Large language models perform poorly on routine hospital tasks

Download PDF Copy

Reviewed

PLOSMay 7 2026

A new study finds that large language models (LLMs), used with straightforward prompting, perform poorly on routine number-crunching tasks that hospital administrators depend on every day to track patients and allocate resources. The findings were published this week in the open-access journal PLOS Digital Health by Eyal Klang of the Icahn School of Medicine at Mount Sinai, New York, USA, and colleagues.

Hospitals rely on structured electronic health record (EHR) data to monitor patient counts and resources and to generate administrative reports.

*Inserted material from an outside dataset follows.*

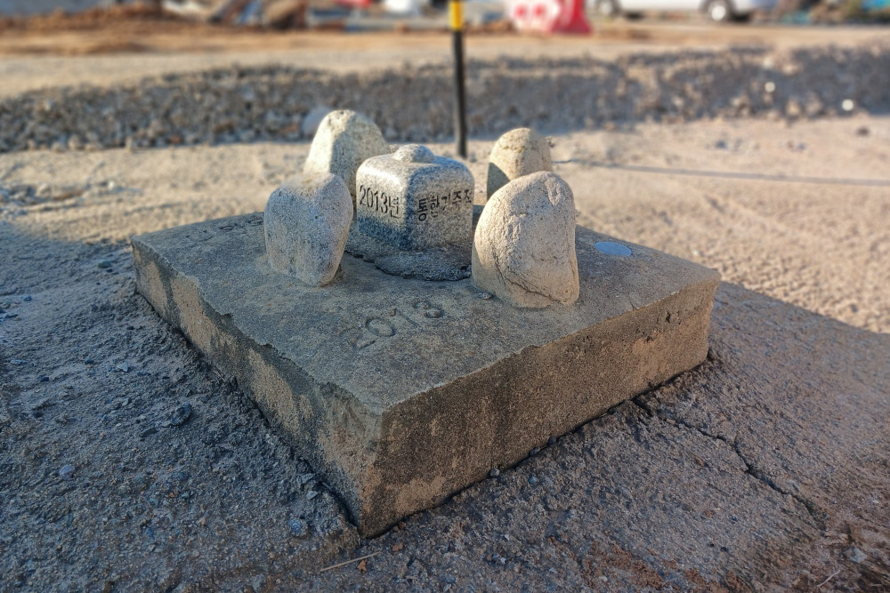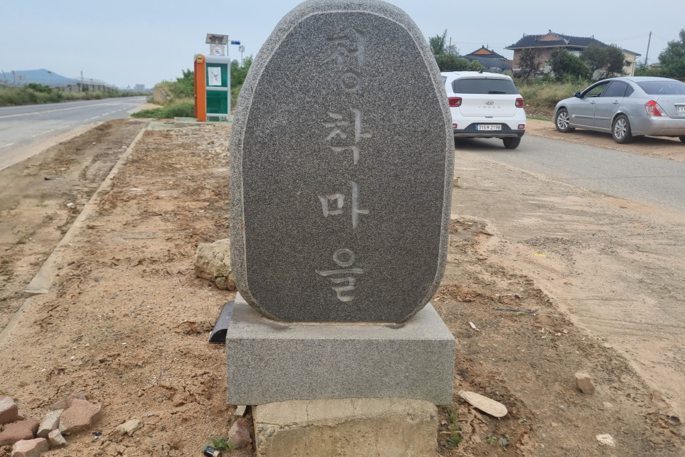 이 마을은 피난민들이 정착(定着)한 마을이다. 그래서 망운에서 마을로 들어오는 입구에는 <마을표지석>(1985)과 옆의 <통일염원석>(세로 길이 1m가량의 자연석에는 ‘우리의 염원’이라는 표제와 더불어 ‘모든 것이 넉넉해도 한 가지 우리의 부족함은 화합의 장, 바로 남북통일입니다’라는 문구가 새겨져 있다), 그리고 <통합기준점 표지석> 등이 있다. 현재 마을 입구는 공항로 4차선 도로 공사 등으로 매우 어수선하다.

These tasks are currently handled by data analysts using programming languages, creating delays when staff need fast answers. AI tools known as large language models, such as GPT-4o and Llama, have been proposed to simplify that process.

In the new study, researchers evaluated nine leading LLMs on two basic administrative tasks-counting patients meeting a condition and filtering records based on multiple criteria-using data drawn from 50,000 real emergency department visits at the Mount Sinai Health System.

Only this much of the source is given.